▶ _Records excerpted from a collection_
──────────────────────────────
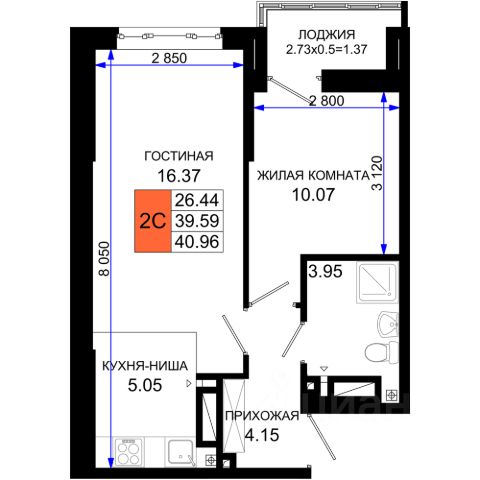 Двухкомнатная квартира площадью 53,7 кв.м расположена на 15 этаже современного жилого комплекса.
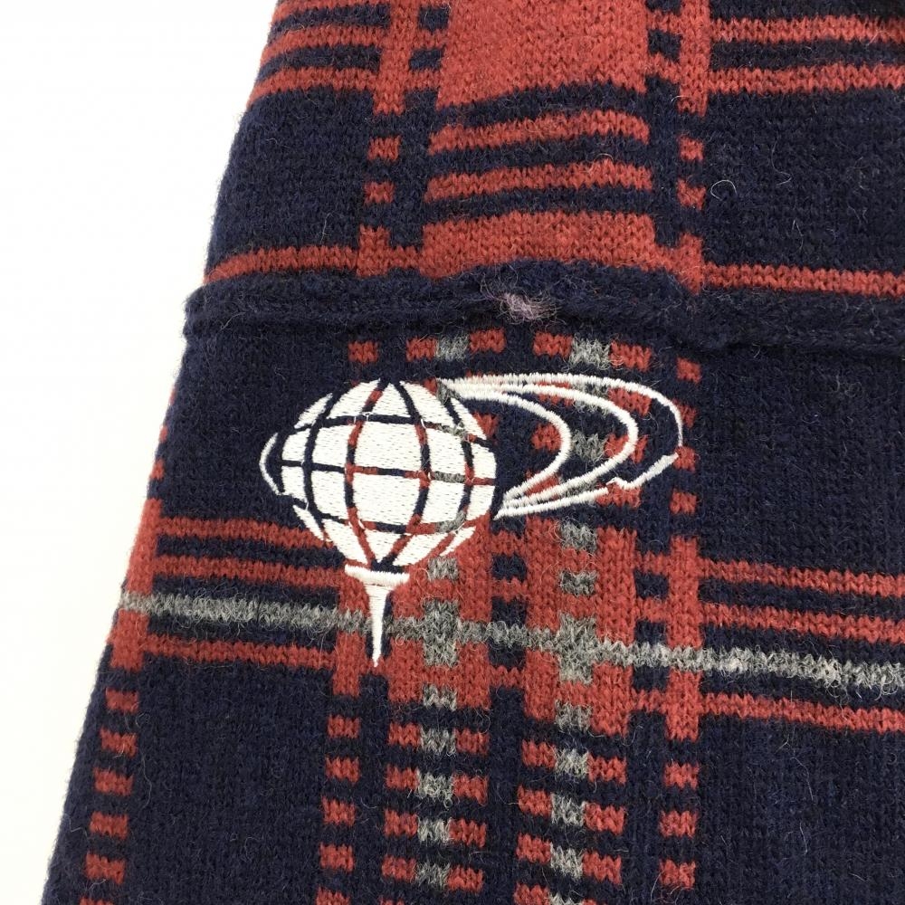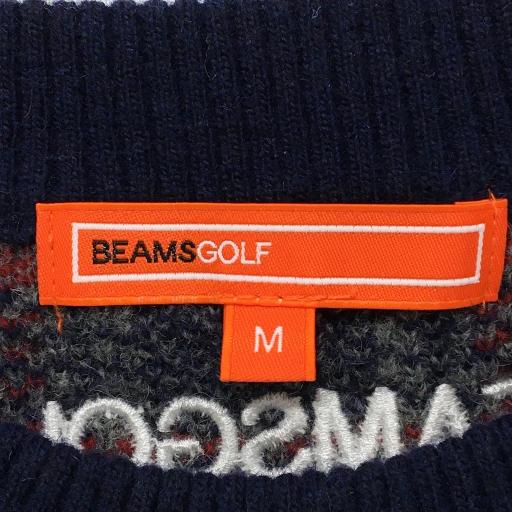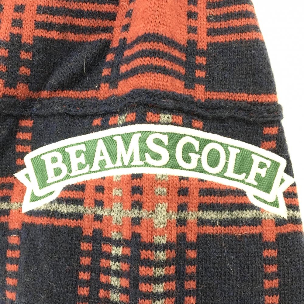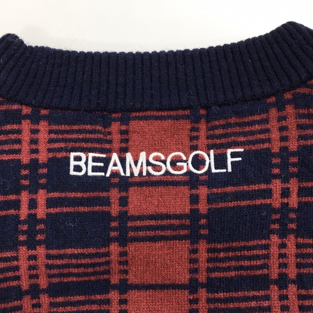 【美品】ビームスゴルフ セーター ネイビー×レッド×グリーン チェック ニット ウール混 メンズ M ゴルフウェア BEAMS GOLF
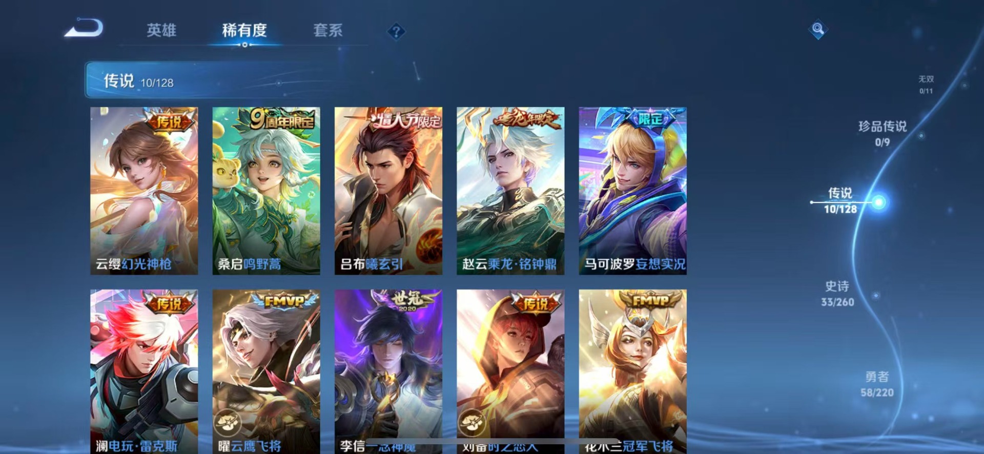 - [12295044]V7 1典藏 5传说 123英雄 256皮肤 可修改实名 女号 优质装备:全息碎影(猴子典藏),炽阳神光,末日机甲-孙尚香(绿蚂蚱),地狱火,时之恋人-刘备(电焊工) 珍宝阁皮:优雅恋人,蔷薇恋人,玩趣恶龙 限定皮:至尊宝,白虎志(电光耗子),遇见飞天,高山流水,五谷丰年,游园惊梦,梁祝,天狼狩猎者,李小龙,朱雀志(守约年限),冰霜恋舞曲,玉兔公主 史诗皮:百相守梦-黄忠,紫霞仙子,电玩小子(小书包),黄金分割率,特工魅影,千年之狐,江河有灵,魅语,高渐离燃音魔法,蒙恬荣光圣徽,冰冠公主,晚萤,电玩·爆裂旋风,暗夜猫娘,龙骑士(小龙虾),末日机甲-吕布,猫狗日记-孙策,时之恋人-孙尚香,乱世虎臣,节奏热浪,女仆咖啡,水果甜心,绅士熊喵,天才门将,星夜王子,心灵骇客,功夫厨神,德古拉伯爵,幽灵船长,鬼剑武藏,心灵战警,舞动绿茵,地狱岩魂,繁星吟游(呼啦呼啦),乘风破浪,逐浪之夏,水晶猎龙者,箭羽风息,金属风暴,原初追逐者,圣诞狂欢,圣诞恋歌,鹰眼统帅,魅力维加斯,黎明之约,赏金猎手,未来纪元-赵云
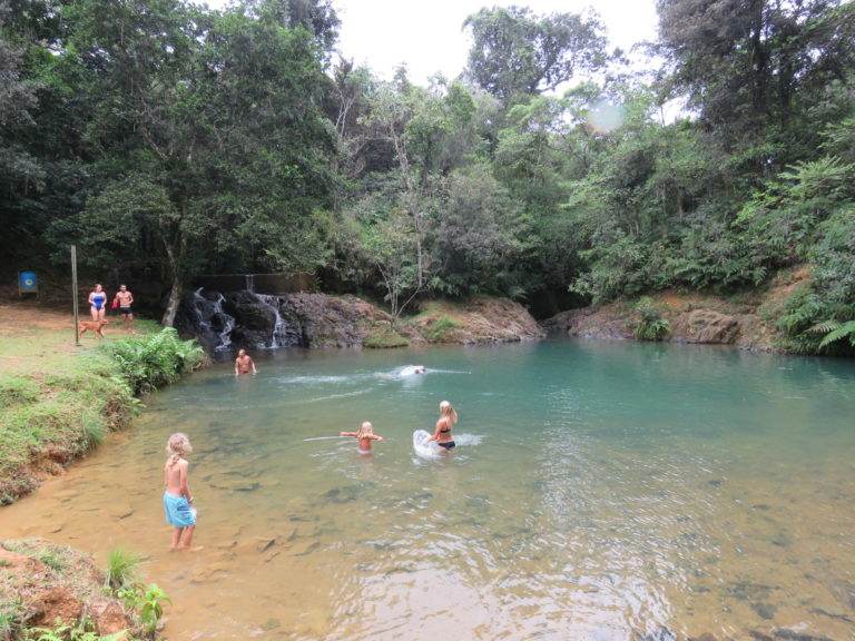 Et pour vous détendre après tout ce sérieux, encore quelques photos de notre excursion avec nos copains de Kattami. Baignade rafraichissante dans une piscine naturelle. Très sympa, juste dommage qu’en même temps nous avions la douche….! Et quand il pleut, il PLEUT !
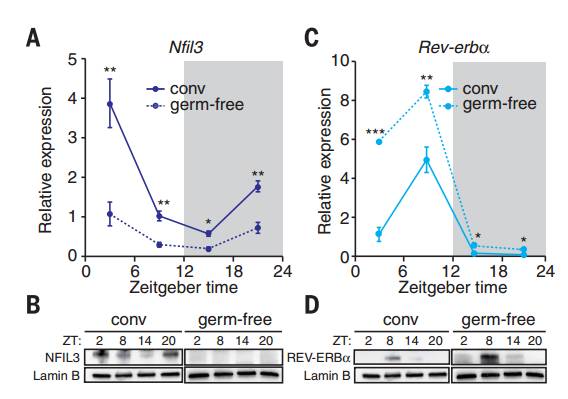 无菌小鼠和有肠道菌群的小鼠体内的NFIL3(B)和REVERBa同光纤(睡眠节律)变化对比
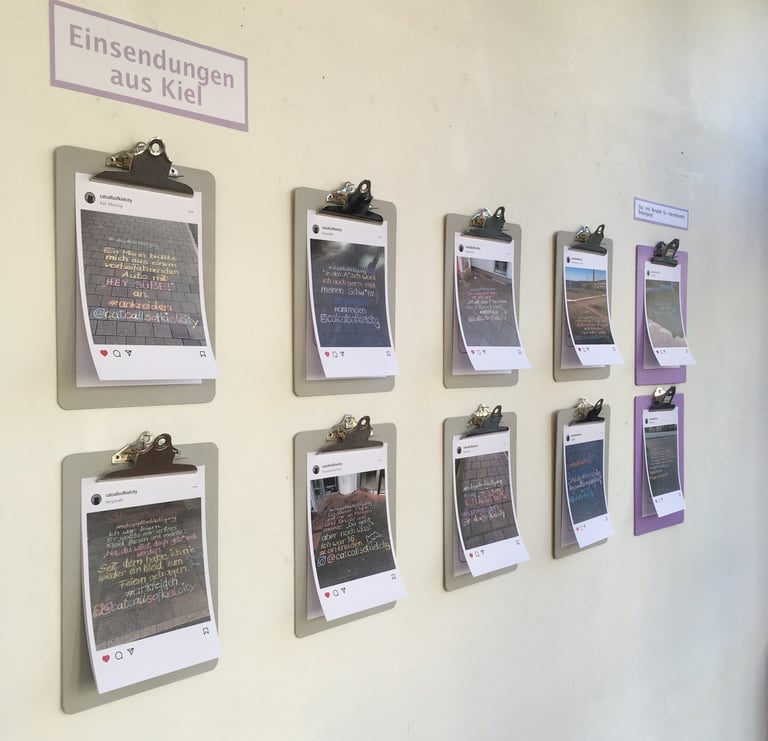 Hey Sexy! is an exhibition developed with Catcalls of Kiel and Chalk Back Germany e.V. about catcalling and sexual harassment in public space. Educational content and participatory elements invite visitors to share their own experiences while maintaining a safe, non-triggering environment.
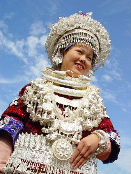 銀飾作為苗族最喜愛的傳統(tǒng)飾物,主要用于婦女的裝飾,品種多樣,分為頭飾、面飾、頸飾、肩飾、胸飾、腰飾、臂飾、腳飾、手飾等,彼此配合,體現(xiàn)出完美的整體裝飾效果。苗族銀飾常出現(xiàn)于苗族的喜慶場合,蘊涵有避邪趨正、納福迎祥的寓意,具體生動地反映著苗族人民的生存狀況、精神面貌和審美心理,具有很高的歷史文化研究價值。在對外交往中,苗族人民把銀飾作為禮品贈送友人,和藏族的哈達(dá)、漢族的珠寶一樣珍貴。
──────────────────────────────
▶ _Exercise brief_
Produce an exact copy of the lines from the line with "Hey Sexy! is" through the last line of the data above, both ends included. No pictures belong in it.

▶ _Solution to this problem_
 Hey Sexy! is an exhibition developed with Catcalls of Kiel and Chalk Back Germany e.V. about catcalling and sexual harassment in public space. Educational content and participatory elements invite visitors to share their own experiences while maintaining a safe, non-triggering environment.
 銀飾作為苗族最喜愛的傳統(tǒng)飾物,主要用于婦女的裝飾,品種多樣,分為頭飾、面飾、頸飾、肩飾、胸飾、腰飾、臂飾、腳飾、手飾等,彼此配合,體現(xiàn)出完美的整體裝飾效果。苗族銀飾常出現(xiàn)于苗族的喜慶場合,蘊涵有避邪趨正、納福迎祥的寓意,具體生動地反映著苗族人民的生存狀況、精神面貌和審美心理,具有很高的歷史文化研究價值。在對外交往中,苗族人民把銀飾作為禮品贈送友人,和藏族的哈達(dá)、漢族的珠寶一樣珍貴。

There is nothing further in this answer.